All of the data should be copied exactly, with the pictures left out.
+++ DATA SEGMENT
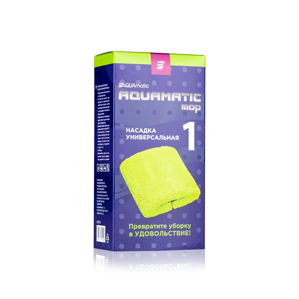 فوط التنظيف AQUAmatic MOP لتنظيف الأسطح المختلفة مصنوعة من ألياف دقيقة فائقة الرقة والنحافة تم إنتاجها باستخدام أحدث تقنيات صناعة النسيج: كل خيط مُقطَّع طوليًا إلى ثمانية أجزاء منتظمة الشكل؛ ما يشكل فتحات دقيقة بطول الخيط بالكامل. وبفضل هذه الخاصية، يصبح للممسحة تأثير شعري، وبفضل تأثير قوة التوتر السطحي تتفكك الرطوبة، إلى جانب الأوساخ والغبار، عن السطح الذي يتم تنظيفه، ويلتقطها هيكل النسيج.
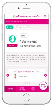 那須町に採用された『Hapi NASUダイアリー』は、スマートフォン・タブレット端末・PCに対応したサービスで、妊産婦と子どもの健康データの記録・管理や予防接種のスケジュール管理、出産・育児に関するアドバイスの提供など、育児や仕事に忙しい母親や父親を助けてくれる便利な機能が充実しています。
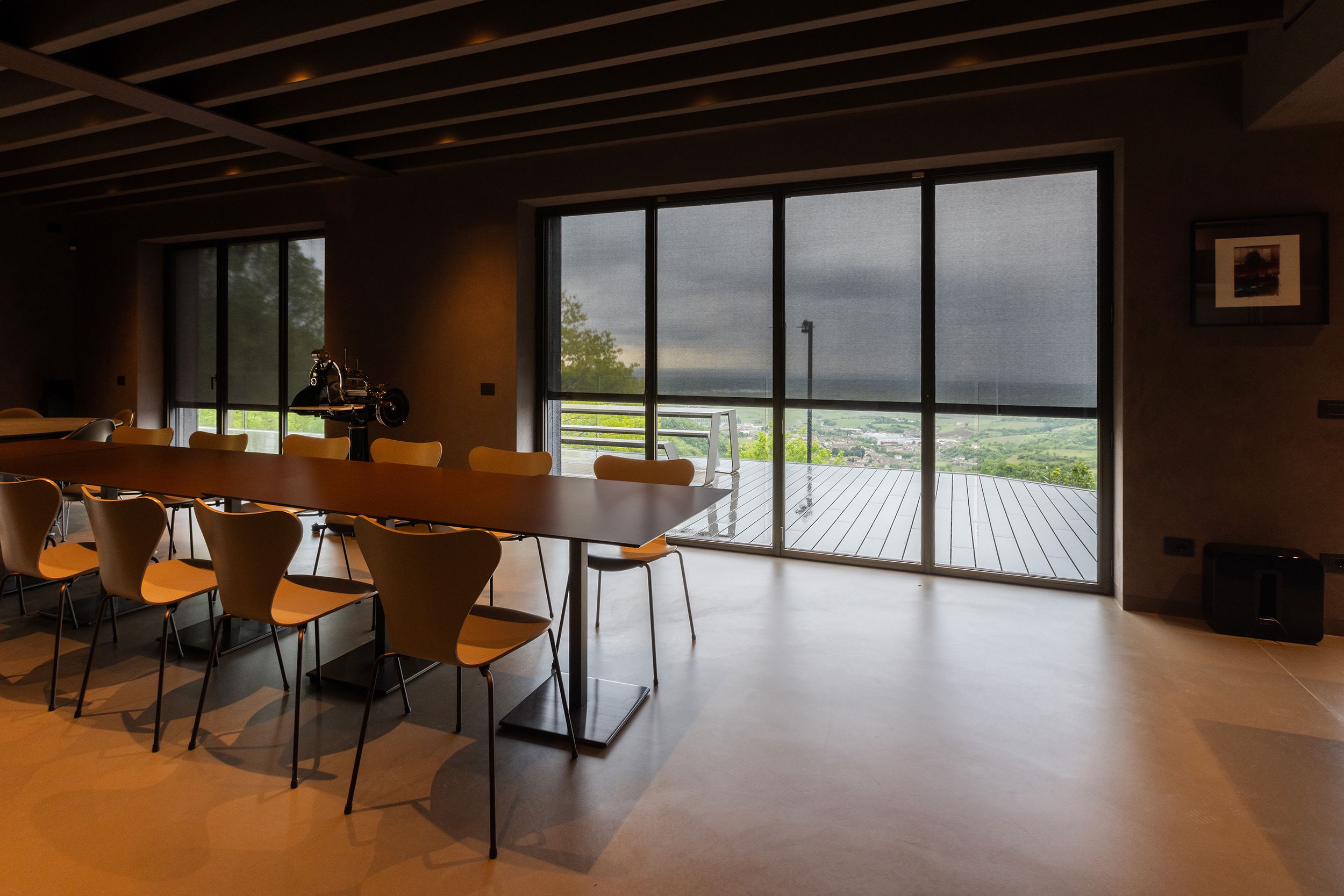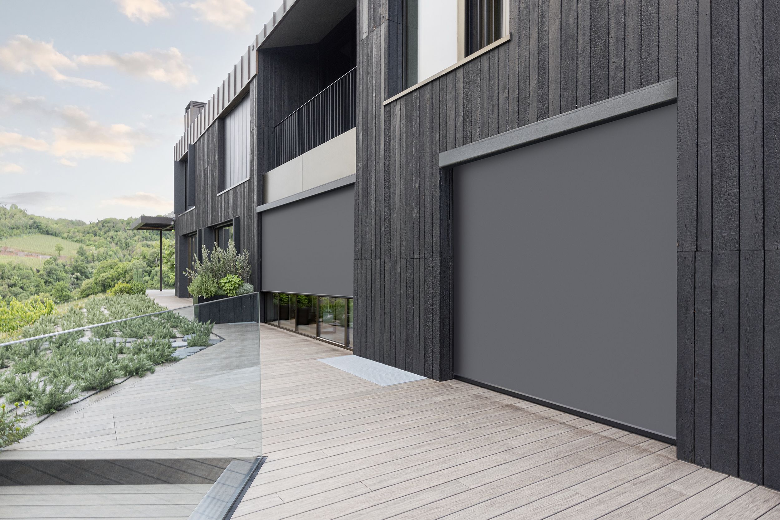 Les architectes ont choisi le système Z-Box de Bandalux, avec guides en acier inoxydable et un tissu Screen de couleur ébène, s’intégrant parfaitement à l’ensemble du projet. Il valorise non seulement l’esthétique du bâtiment, mais offre également une protection optimale contre le vent et le soleil, tout en maintenant une vue dégagée sur le magnifique vignoble environnant.
++++++
RESPONSE AREA:
 فوط التنظيف AQUAmatic MOP لتنظيف الأسطح المختلفة مصنوعة من ألياف دقيقة فائقة الرقة والنحافة تم إنتاجها باستخدام أحدث تقنيات صناعة النسيج: كل خيط مُقطَّع طوليًا إلى ثمانية أجزاء منتظمة الشكل؛ ما يشكل فتحات دقيقة بطول الخيط بالكامل. وبفضل هذه الخاصية، يصبح للممسحة تأثير شعري، وبفضل تأثير قوة التوتر السطحي تتفكك الرطوبة، إلى جانب الأوساخ والغبار، عن السطح الذي يتم تنظيفه، ويلتقطها هيكل النسيج.
 那須町に採用された『Hapi NASUダイアリー』は、スマートフォン・タブレット端末・PCに対応したサービスで、妊産婦と子どもの健康データの記録・管理や予防接種のスケジュール管理、出産・育児に関するアドバイスの提供など、育児や仕事に忙しい母親や父親を助けてくれる便利な機能が充実しています。
 Les architectes ont choisi le système Z-Box de Bandalux, avec guides en acier inoxydable et un tissu Screen de couleur ébène, s’intégrant parfaitement à l’ensemble du projet. Il valorise non seulement l’esthétique du bâtiment, mais offre également une protection optimale contre le vent et le soleil, tout en maintenant une vue dégagée sur le magnifique vignoble environnant.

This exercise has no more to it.